- [Prompt] Nothing should appear in the answer except the lines below from the line containing "日前,Kanye West 在自己的" through the line containing "4-vjeçarja vuan nga", copied exactly, with pictures left out.

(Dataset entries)
· · · · ·
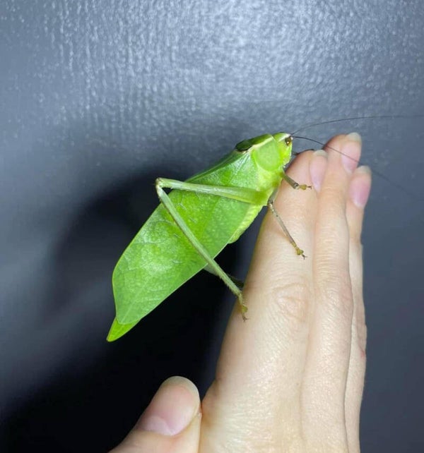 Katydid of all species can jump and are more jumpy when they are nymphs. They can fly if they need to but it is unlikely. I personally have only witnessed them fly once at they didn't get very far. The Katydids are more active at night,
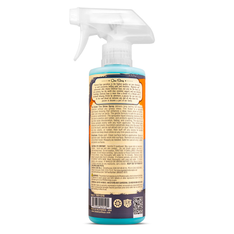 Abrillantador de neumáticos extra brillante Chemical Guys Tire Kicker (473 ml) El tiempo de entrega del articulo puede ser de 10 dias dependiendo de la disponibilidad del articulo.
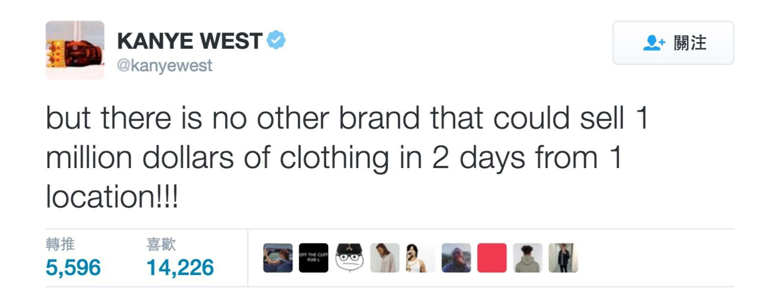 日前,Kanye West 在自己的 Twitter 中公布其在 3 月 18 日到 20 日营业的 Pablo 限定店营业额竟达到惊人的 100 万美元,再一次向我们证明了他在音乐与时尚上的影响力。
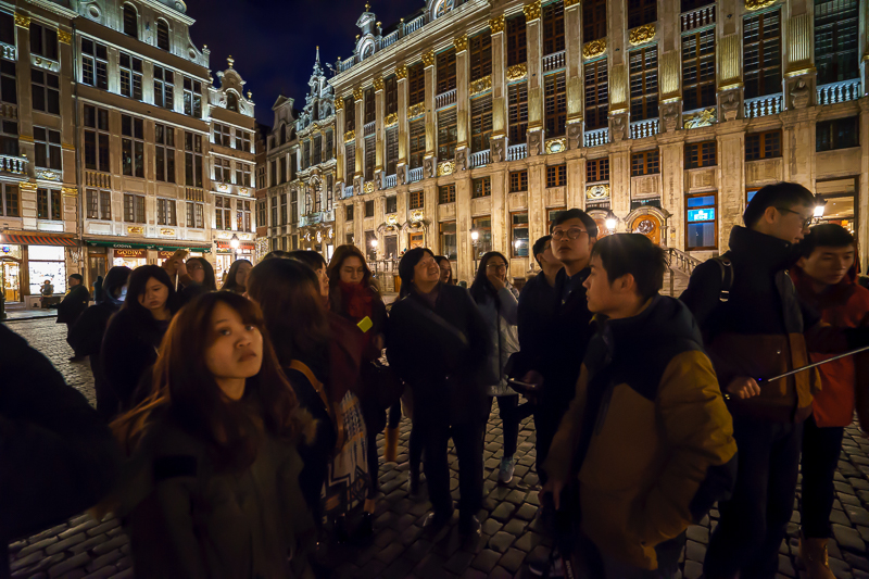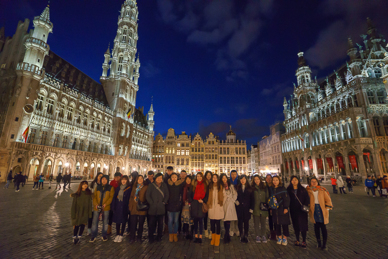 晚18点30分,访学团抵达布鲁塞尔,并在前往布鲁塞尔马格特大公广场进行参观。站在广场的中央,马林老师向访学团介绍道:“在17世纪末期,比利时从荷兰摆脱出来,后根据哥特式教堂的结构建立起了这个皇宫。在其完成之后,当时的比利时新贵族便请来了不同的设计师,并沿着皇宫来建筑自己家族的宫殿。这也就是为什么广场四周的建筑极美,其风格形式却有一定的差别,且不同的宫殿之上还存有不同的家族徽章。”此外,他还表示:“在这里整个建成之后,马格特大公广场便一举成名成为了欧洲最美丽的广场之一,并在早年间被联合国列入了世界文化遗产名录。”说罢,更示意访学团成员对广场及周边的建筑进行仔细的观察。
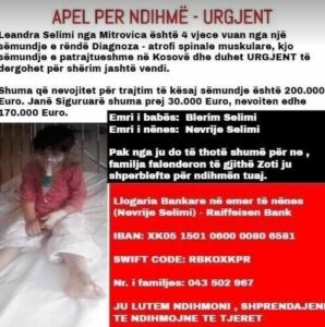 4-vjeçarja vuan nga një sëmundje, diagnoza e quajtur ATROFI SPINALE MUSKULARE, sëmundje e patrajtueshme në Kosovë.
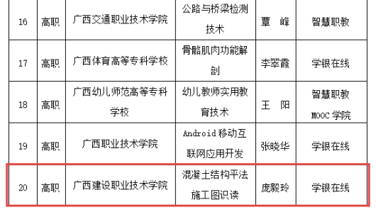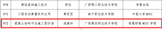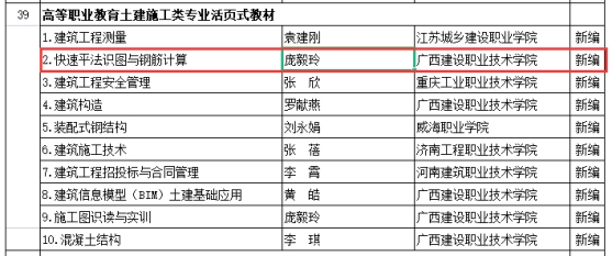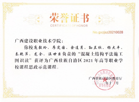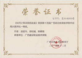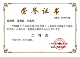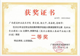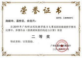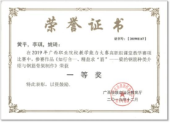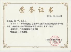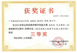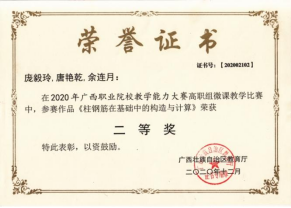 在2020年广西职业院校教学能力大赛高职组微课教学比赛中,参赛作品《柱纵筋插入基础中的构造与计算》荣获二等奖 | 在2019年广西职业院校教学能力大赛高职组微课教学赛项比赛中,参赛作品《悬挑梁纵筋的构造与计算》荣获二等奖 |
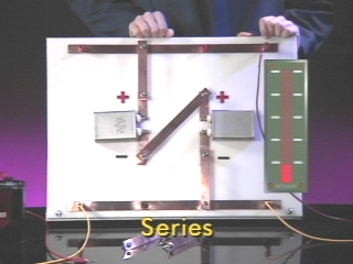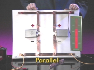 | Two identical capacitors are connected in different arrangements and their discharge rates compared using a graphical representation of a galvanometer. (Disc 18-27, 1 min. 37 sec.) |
· · · · ·
- [Answer space]
 日前,Kanye West 在自己的 Twitter 中公布其在 3 月 18 日到 20 日营业的 Pablo 限定店营业额竟达到惊人的 100 万美元,再一次向我们证明了他在音乐与时尚上的影响力。
 晚18点30分,访学团抵达布鲁塞尔,并在前往布鲁塞尔马格特大公广场进行参观。站在广场的中央,马林老师向访学团介绍道:“在17世纪末期,比利时从荷兰摆脱出来,后根据哥特式教堂的结构建立起了这个皇宫。在其完成之后,当时的比利时新贵族便请来了不同的设计师,并沿着皇宫来建筑自己家族的宫殿。这也就是为什么广场四周的建筑极美,其风格形式却有一定的差别,且不同的宫殿之上还存有不同的家族徽章。”此外,他还表示:“在这里整个建成之后,马格特大公广场便一举成名成为了欧洲最美丽的广场之一,并在早年间被联合国列入了世界文化遗产名录。”说罢,更示意访学团成员对广场及周边的建筑进行仔细的观察。
 4-vjeçarja vuan nga një sëmundje, diagnoza e quajtur ATROFI SPINALE MUSKULARE, sëmundje e patrajtueshme në Kosovë.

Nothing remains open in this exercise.